(Stored entries)
■ ■ ■ ■ ■ ■ ■
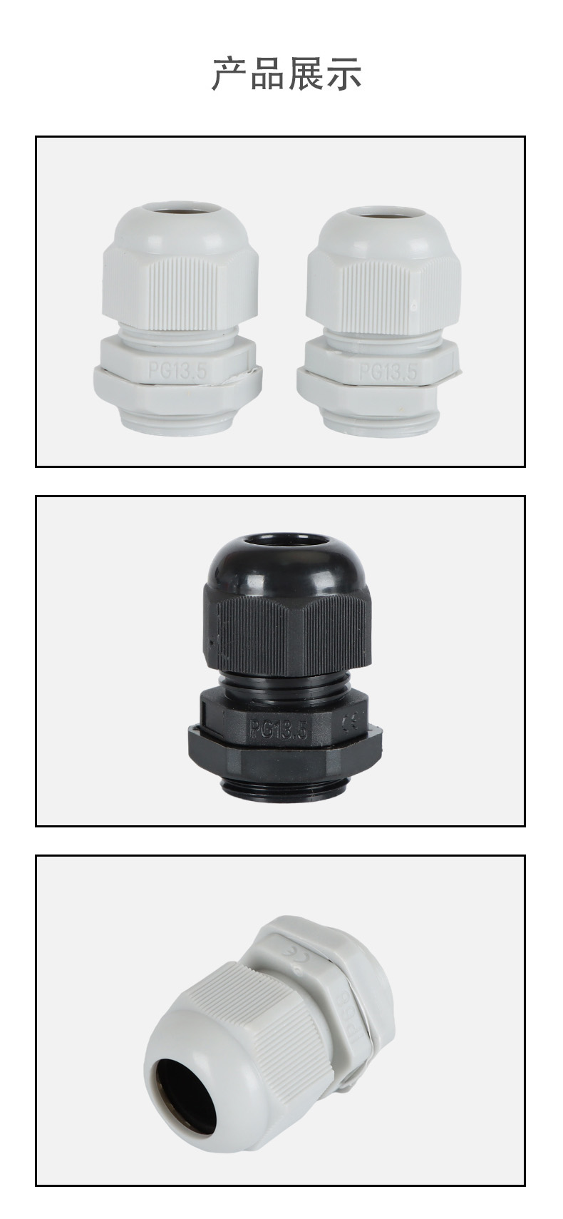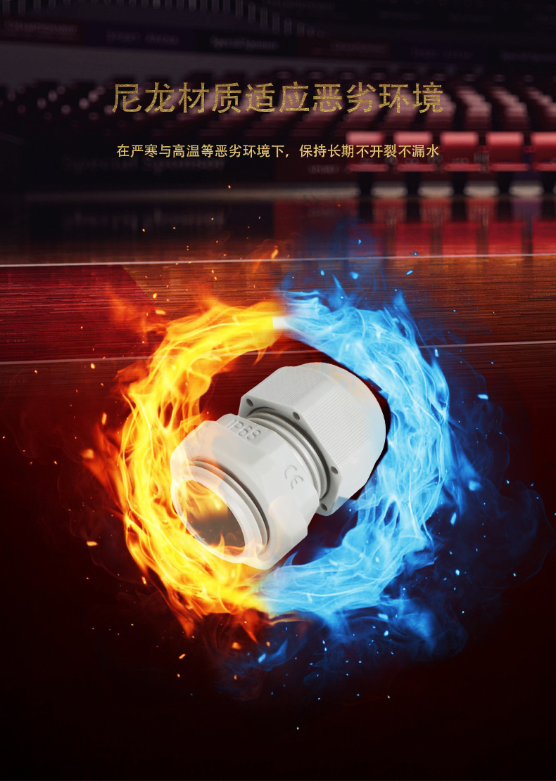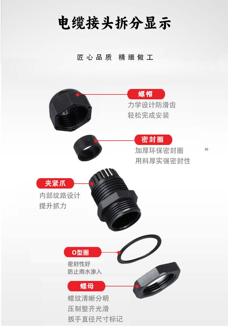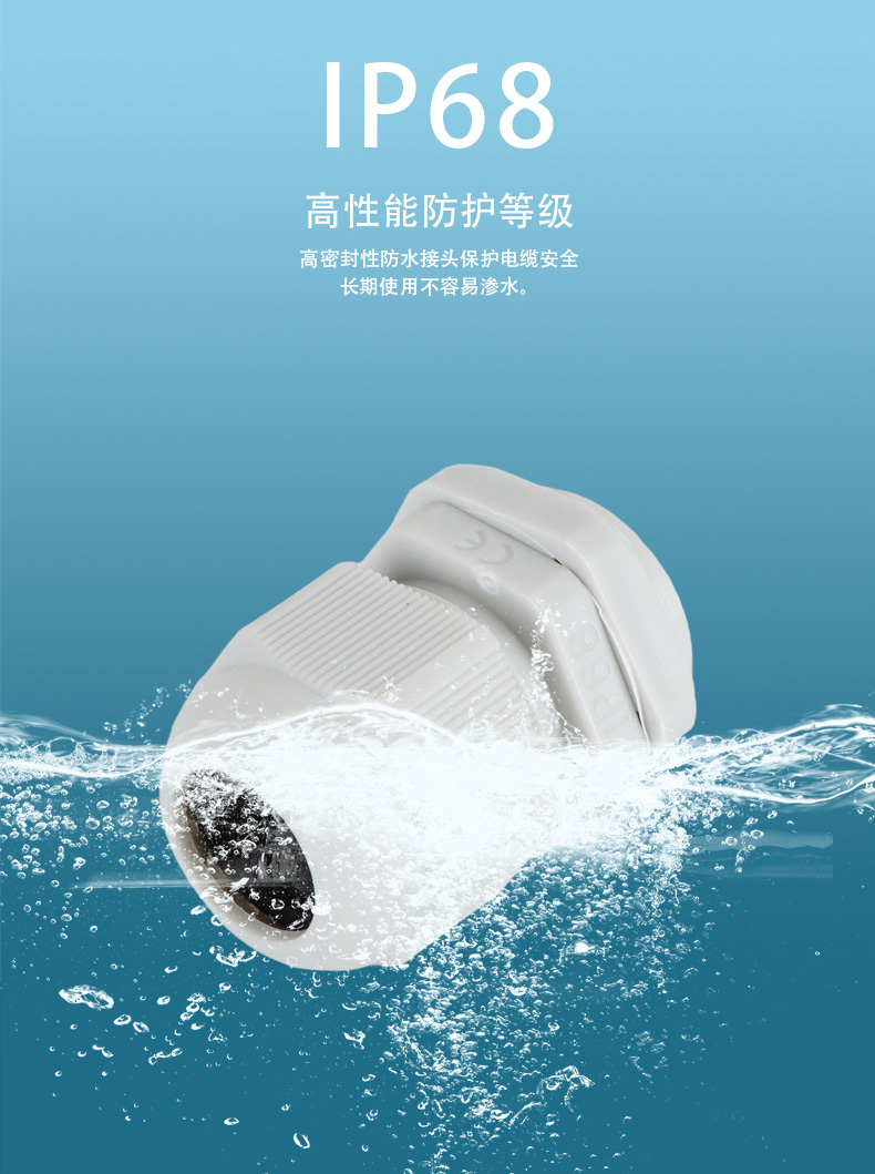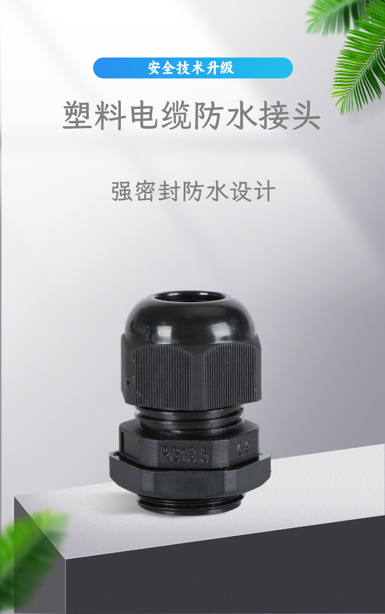 尼龍材質適用惡劣環境紅、灰、黑、深灰、白、藍 六種顏色常規:黑、灰兩種顏色,其它顏色需要定做在嚴寒與高溫等惡劣環境下,保持長期不開裂不漏水高密封性防水接頭保護電纜安全,長期使用不容易滲水
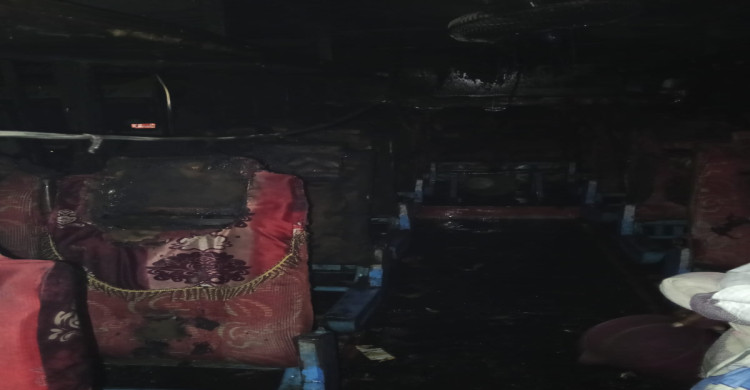 নোয়াখালীতে টার্মিনালে দাড়িয়ে থাকা বাসে আগুন
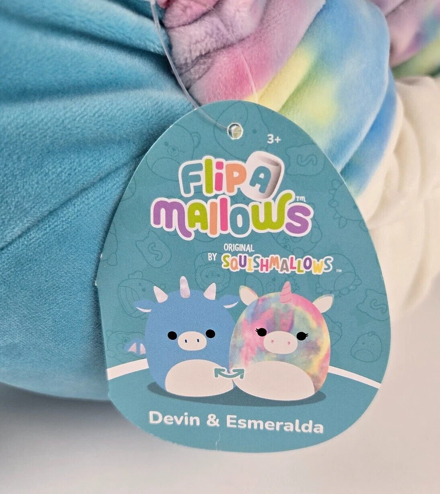 Squishmallow Flip A Mallow Devin Dragon/ Esmeralda Unicorn Plush 12" Reversible KellyToy **REDUCED PRICE** This Squishmallow Flip A Mallow Devin Dragon/Esmeralda Unicorn Plush is a must-have for any stuffed animal lover. With its vibrant multicolor design and reversible feature, this plush is perfect for any occasion and can be enjoyed by kids and adults alike. Made by Kellytoy, this small 12 in. plush is a part of the popular Squishmallows character family. It is recommended for children aged 3 years and up and is sure to bring a smile to anyone's face. This plush is perfect for collectors or as a gift for a loved one. Get your hands on this unique and charming Squishmallow Flip A Mallow Devin Dragon/Esmeralda Unicorn Plush today! We carefully pack each item to prevent breakage. We only charge what the shipper charges and cannot control the shipping costs. We do not accept returns/refunds unless item is not as described per eBay policy or the item arrives damaged or broken beyond anything noted in the condition field or pictures. If you have any questions about any of our listed items, feel free to email us.
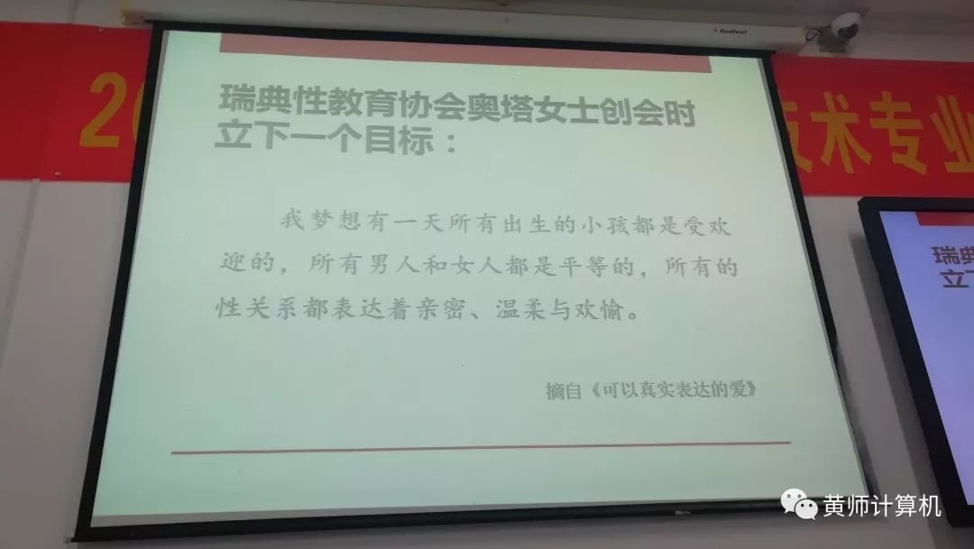 首先,王老师通过一些案例说明女生掌握一定性知识的必要性。不少女生都在两性关系中受到了不同程度的伤害,有的甚至无法生育。随后,王老师用图片、视频和问答的形式为在场女生具体讲解女性的生理结构,艾滋病的传播形式,人流的具体操作及其对子宫的危害。同时也特别强调卵子对女性的重要性,告诫全体女生千万不要捐卵。在问答环节,王老师还暖心的给大家分享大家缓解痛经的方法:忌生冷,辛辣,多喝热水和红糖水。最后老师借用《可以真实表达的爱》中的:“我梦想有一天所有出生的小孩都是受欢迎的,所有的男人和女人都是平等的,所有的性关系都表达着亲密,温柔和欢愉。”来表达自己对所有女生的美好祝愿。
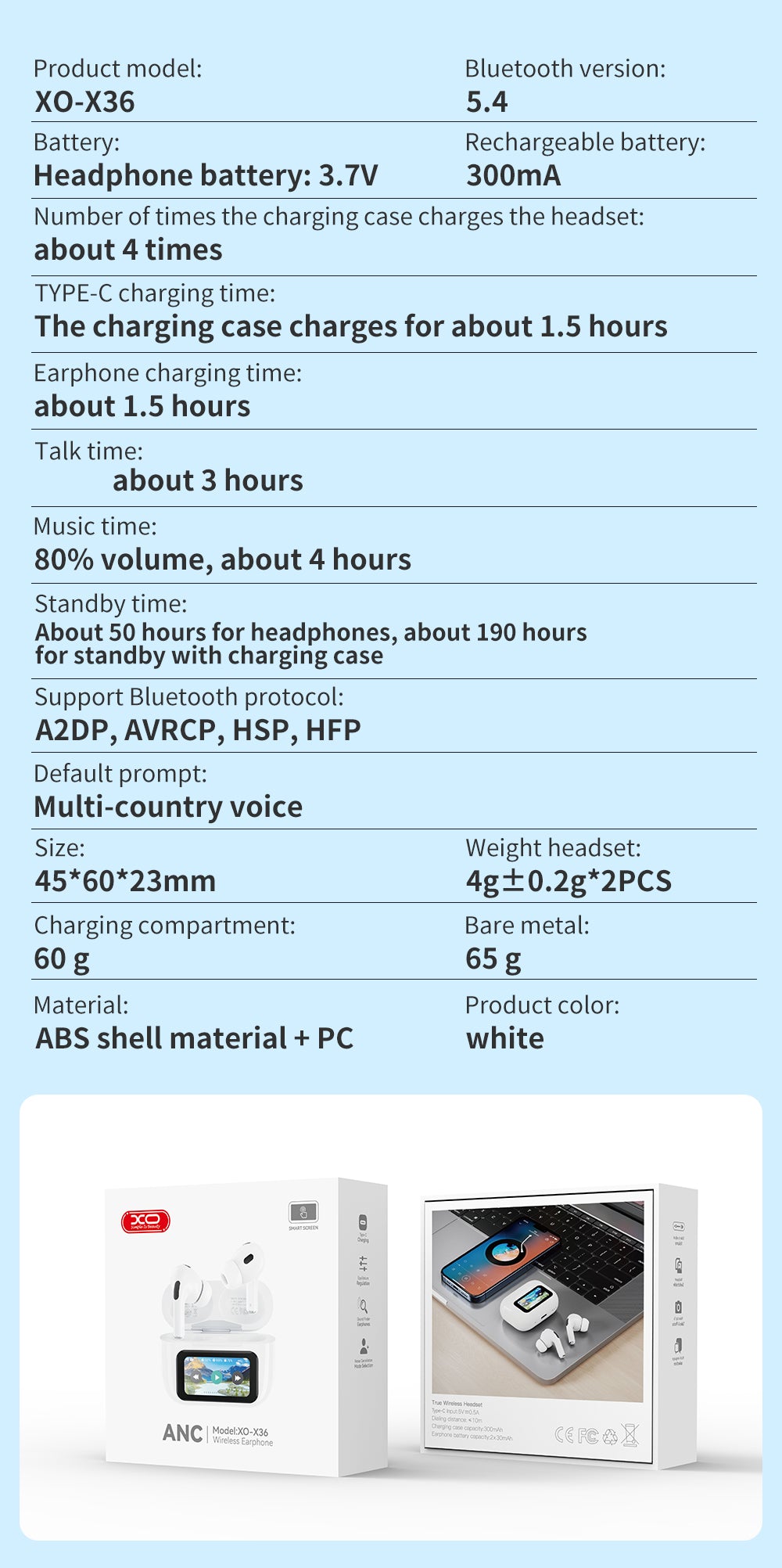 XO X36 Funciones de auriculares Bluetooth de pantalla inteligente ANC:
■ ■ ■ ■ ■ ■ ■
■ Problem description ■
Write each entry again exactly, minus any images.

■ Solved problem ■
 尼龍材質適用惡劣環境紅、灰、黑、深灰、白、藍 六種顏色常規:黑、灰兩種顏色,其它顏色需要定做在嚴寒與高溫等惡劣環境下,保持長期不開裂不漏水高密封性防水接頭保護電纜安全,長期使用不容易滲水
 নোয়াখালীতে টার্মিনালে দাড়িয়ে থাকা বাসে আগুন
 Squishmallow Flip A Mallow Devin Dragon/ Esmeralda Unicorn Plush 12" Reversible KellyToy **REDUCED PRICE** This Squishmallow Flip A Mallow Devin Dragon/Esmeralda Unicorn Plush is a must-have for any stuffed animal lover. With its vibrant multicolor design and reversible feature, this plush is perfect for any occasion and can be enjoyed by kids and adults alike. Made by Kellytoy, this small 12 in. plush is a part of the popular Squishmallows character family. It is recommended for children aged 3 years and up and is sure to bring a smile to anyone's face. This plush is perfect for collectors or as a gift for a loved one. Get your hands on this unique and charming Squishmallow Flip A Mallow Devin Dragon/Esmeralda Unicorn Plush today! We carefully pack each item to prevent breakage. We only charge what the shipper charges and cannot control the shipping costs. We do not accept returns/refunds unless item is not as described per eBay policy or the item arrives damaged or broken beyond anything noted in the condition field or pictures. If you have any questions about any of our listed items, feel free to email us.
 首先,王老师通过一些案例说明女生掌握一定性知识的必要性。不少女生都在两性关系中受到了不同程度的伤害,有的甚至无法生育。随后,王老师用图片、视频和问答的形式为在场女生具体讲解女性的生理结构,艾滋病的传播形式,人流的具体操作及其对子宫的危害。同时也特别强调卵子对女性的重要性,告诫全体女生千万不要捐卵。在问答环节,王老师还暖心的给大家分享大家缓解痛经的方法:忌生冷,辛辣,多喝热水和红糖水。最后老师借用《可以真实表达的爱》中的:“我梦想有一天所有出生的小孩都是受欢迎的,所有的男人和女人都是平等的,所有的性关系都表达着亲密,温柔和欢愉。”来表达自己对所有女生的美好祝愿。
 XO X36 Funciones de auriculares Bluetooth de pantalla inteligente ANC:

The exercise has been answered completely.